The EU adopted amendments to the current EU sanctions against Russia on 4 December 2014. These amendments are implemented via Council Regulation (EU) No 833/2014 (as amended) (“Regulation 833/2014”). They are intended to both provide additional clarity on the scope and application of restrictions regarding oil exploration and production projects in Russia and provide a number of carve outs to the existing restrictions on making new loans or credit with a maturity exceeding 30 days available to certain Russia entities after 12 September 2012.
The amendments do not introduce new sanctions nor widen the scope of existing sanctions. They were adopted by Council Decision 2014/842/CFSP and Council Regulation (EU) No 1290/2014 (the “New Regulation”) and came into force on 6 December 2014.
The key elements of the amendments are as follows:
- The New Regulation clarifies what is meant by “deep water” and “arctic” oil exploration and production, as well as “shale oil projects” by replacing the wording “deep water oil exploration and production, arctic oil exploration and production, or shale oil projects” used in the restrictions targeting Russia’s energy sector in Articles 3 and 3(a) of Regulation 833/2014 with the following more specific: “oil exploration and production in waters deeper than 150 metres; oil exploration and production in the offshore area north of the Arctic Circle; or Projects that have the potential to produce oil from resources located in shale formations by way of hydraulic fracturing. It does not apply to exploration and production through shale formations to locate or extract oil from non-shale reservoirs”.
The following table therefore illustrates the changes made by the New Regulation:
Click here to view the table.
- The New Regulation clarifies that the measures against the Russia energy sector, contained in Articles 3, 3a and 4(3) of Regulation 833/2014, apply to Russia including its Exclusive Economic Zone and Continental Shelf.

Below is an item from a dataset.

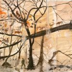 O da segni, ingiallimenti e sporcature del tempo che non solo l’artista guarda attentamente, ma che trova, sceglie e protegge e a cui si affida per seguire un nuovo sentiero nel bosco. O una storia.

- The New Regulation clarifies that the derogations in Regulation 833/2014 applying to contracts or agreements concluded before a specified date1 also apply to ancillary contracts necessary for the execution of such contracts.
- The previous carve out in Article 5 of Regulation 833/2014 from the prohibition on making or participating in loans or credit with a maturity of greater than 30 days for the purpose of financing non-prohibited imports or exports has also been extended so that it applies not only to trade between the Union and Russia but also to trade between the Union and any third State. This new scope expressly includes “expenditure for goods and services from another third State that is necessary for executing the export or import contracts”.
- The existing prohibition on making new loans or credit with a maturity exceeding 30 days available to certain Russia entities after 12 September 2012, shall not apply to any drawdown or disbursements made under a contract concluded before 12 September 2014 subject to the following conditions:
- that all the terms and conditions of such drawdown or disbursements (including provisions concerning the length of the repayment period, the interest rate applied or the interest rate calculation method and the maximum amount) were agreed before 12 September 2014, and were not modified on or after that date; and
- that before 12 September 2014, a contractual maturity date was fixed for the repayment in full of all funds made available and for the cancellation of all the commitments, rights and obligations under the contract.